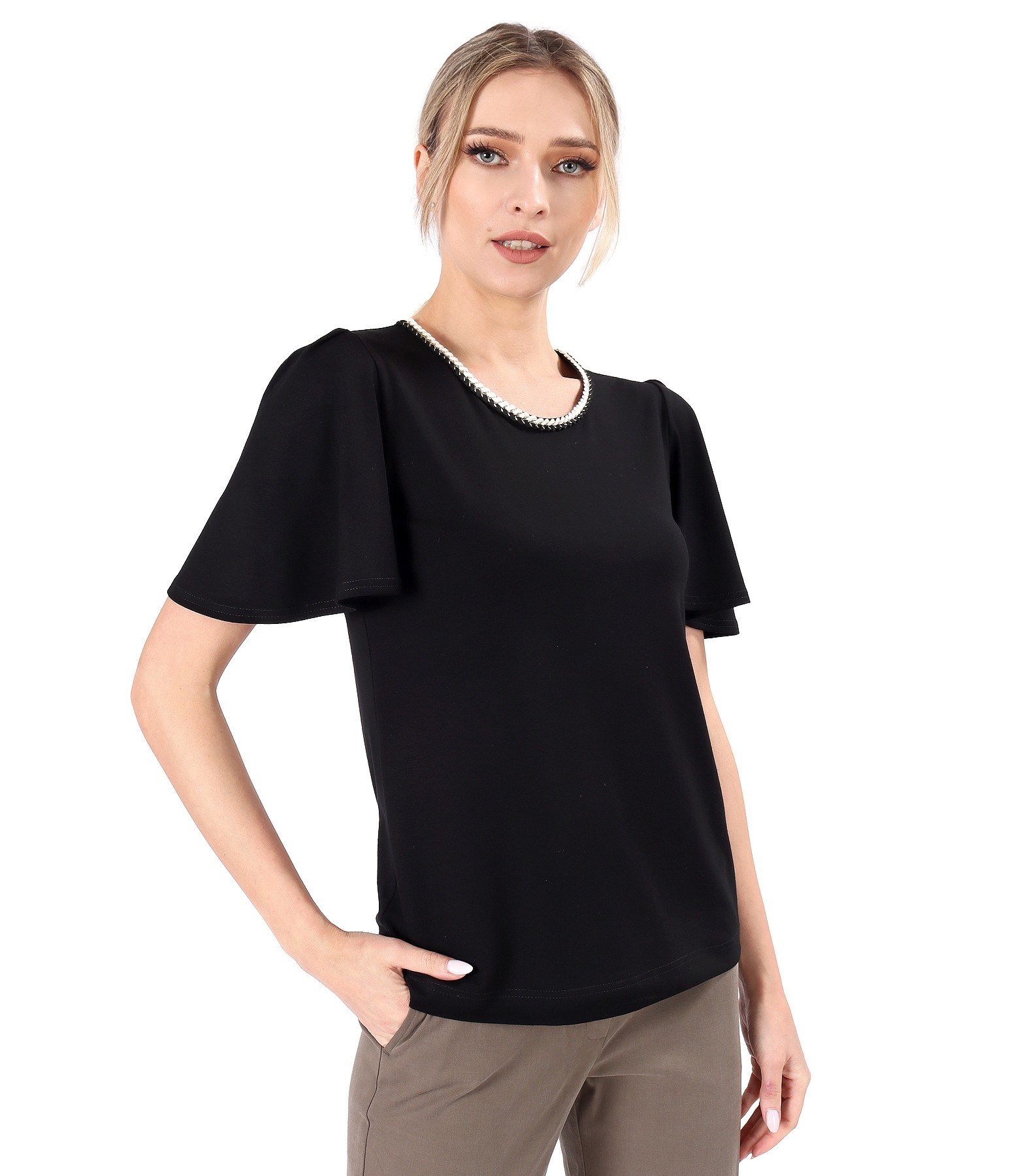 Elegant blouse made of elastic jersey, with a round neckline and short sleeves.
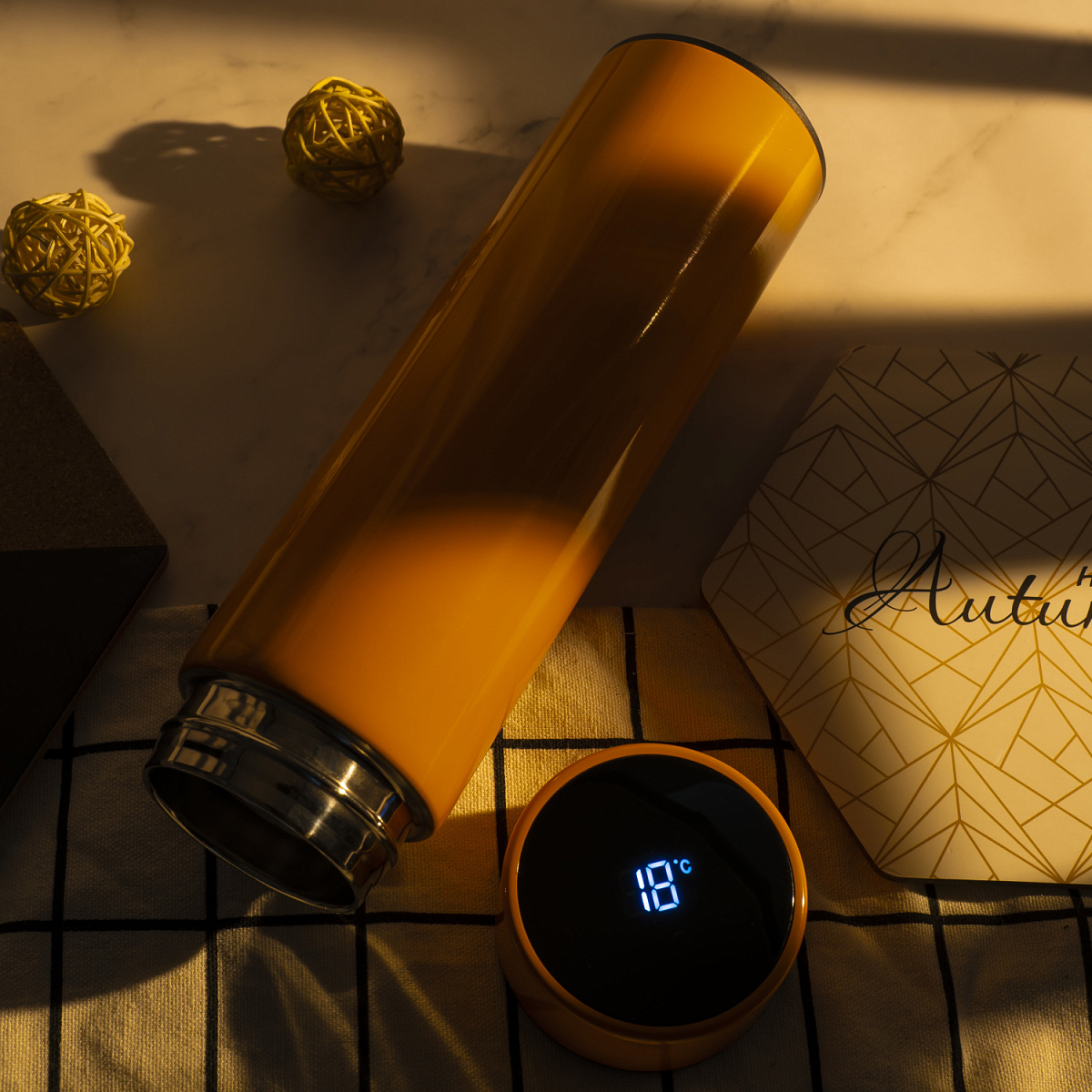 На крышке находится сенсорный дисплей, который показывает температуру напитка.
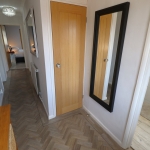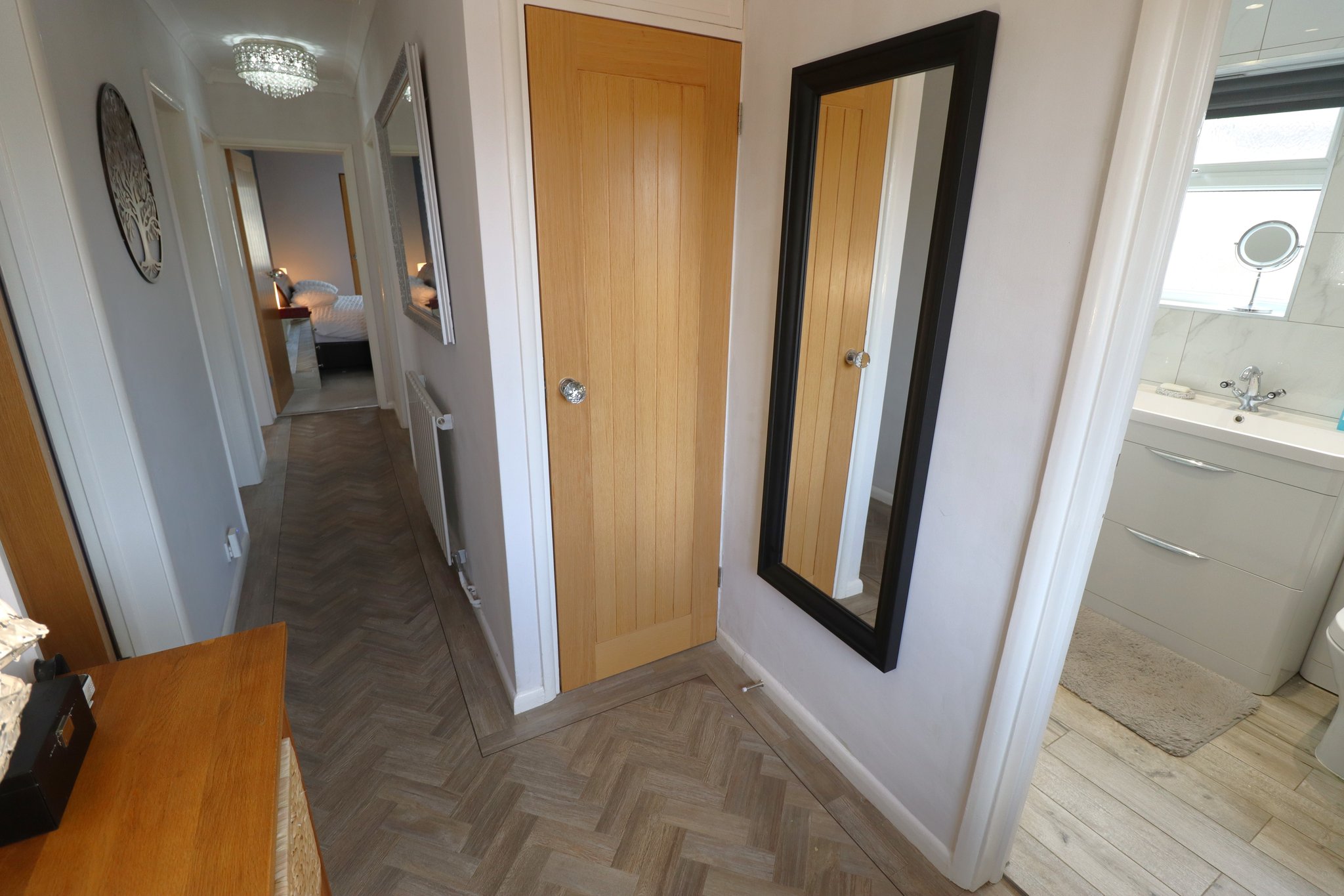 18' 7" x 5' 4" narrowing into 2'11''. Smooth plastered coved ceiling with two ceiling light points and pull down loft hatch with loft ladder and majority of loft boarded with access to combi boiler. Built in cloaks storage cupboard. Wall mounted feature contemporary panelled radiator. Amtico herringbone luxury vinyl flooring.

========================================================================

[WHAT YOU WILL DO]: Please set down exactly the lines from the first line of the data above through the line with "На крышке находится", both included, leaving out the pictures.

[RESPONSE TO THE TASK]:
 Elegant blouse made of elastic jersey, with a round neckline and short sleeves.
 На крышке находится сенсорный дисплей, который показывает температуру напитка.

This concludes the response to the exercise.